Emacs, in my opinion is something anyone should give a whirl. It is open source, free and easily installable on any operating system. It is an absolutely amazing piece of software - give it a shot and if after a couple of months you decide to give up, atleast you have got a taste of what it is about. Here I will attempt to list a few things that will ease the introduction to emacs.

Note: Many of these instructions may be specific for Gnu-emacs on Linux. They may vary if you are using another emacs variant or another platform.

1. Start off with a good looking emacs

An oft-repeated complaint is that emacs looks bad, bad enough to deter a newcomer sometimes. But then, it doesn't have to ...

Use the latest emacs snapshot that allows use of your preferred fonts with nice antialiasing. In Ubuntu this means

sudo aptitude install emacs-snapshot-gtk emacs-goodies-el

Now you can use any font you prefer by modifying the Xresources file as detailed here.

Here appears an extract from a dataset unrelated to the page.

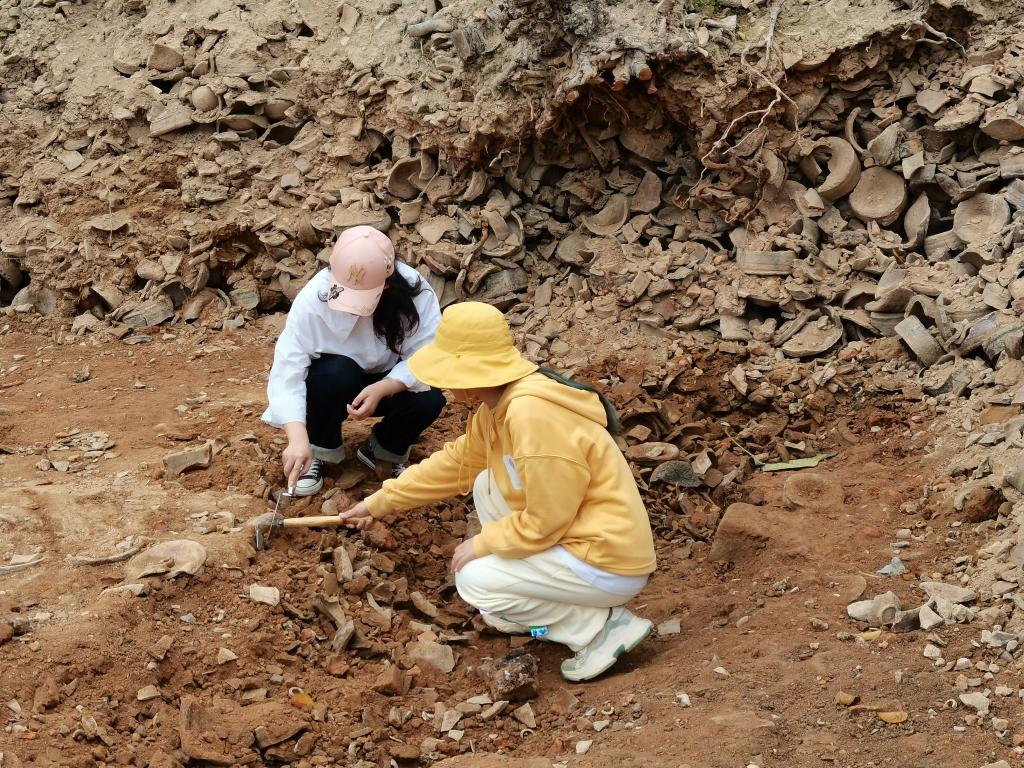 2022年11月,考古工作者在沙埠窑遗址群的竹家岭窑址发掘,身后就是厚厚的瓷片和窑具的堆积层。

2. Disable the splash screen, scrollbar and toolbar. Add to your .emacs -

(setq inhibit-startup-message t)
(tool-bar-mode -1)
(scroll-bar-mode -1)

It may seem surprising to consider disabling the scrollbar and toolbar. Maybe a case can be made for having these on while you wean yourself from the mouse, but I believe that there are greater dividends to doing this early and getting used to mouseless editing. I have preferred leaving the menu-bar on although I dont use the menu items, just because it sometimes allows me to easily refer to the shortcuts available, but again, it is worth considering disabling this too.

3. Syntax highlighting

Install color themes. In ubuntu, this is done easily by installing emacs-goodies-el. Now, add this in your emacs to have 'font-lock' on for syntax highlighting.

(global-font-lock-mode t)

After M-x, typing color-theme- and hitting tab will shows the completions available. Try out the different color-themes to decide what you want to use. To enable it automatically, add a line like this -

(require 'color-theme)
(setq color-theme-is-global t)

4. Enable line numbers

If you feel lost without them,

(require 'linum)

5. If you like to 'see' a selected region, you have to enable transient-mark-mode -

(setq-default transient-mark-mode t)

6. And if you have trouble copy-pasting between other windows and emacs, this worked for me -

(setq x-select-enable-clipboard t)

With these basic things out of the way, you have a decent emacs set up to start with. There are multiple options for further customization, but I will leave them for you to experiment with. Packages to definitely try out are ido-mode, pabbrev, bookmarks and yasnippet.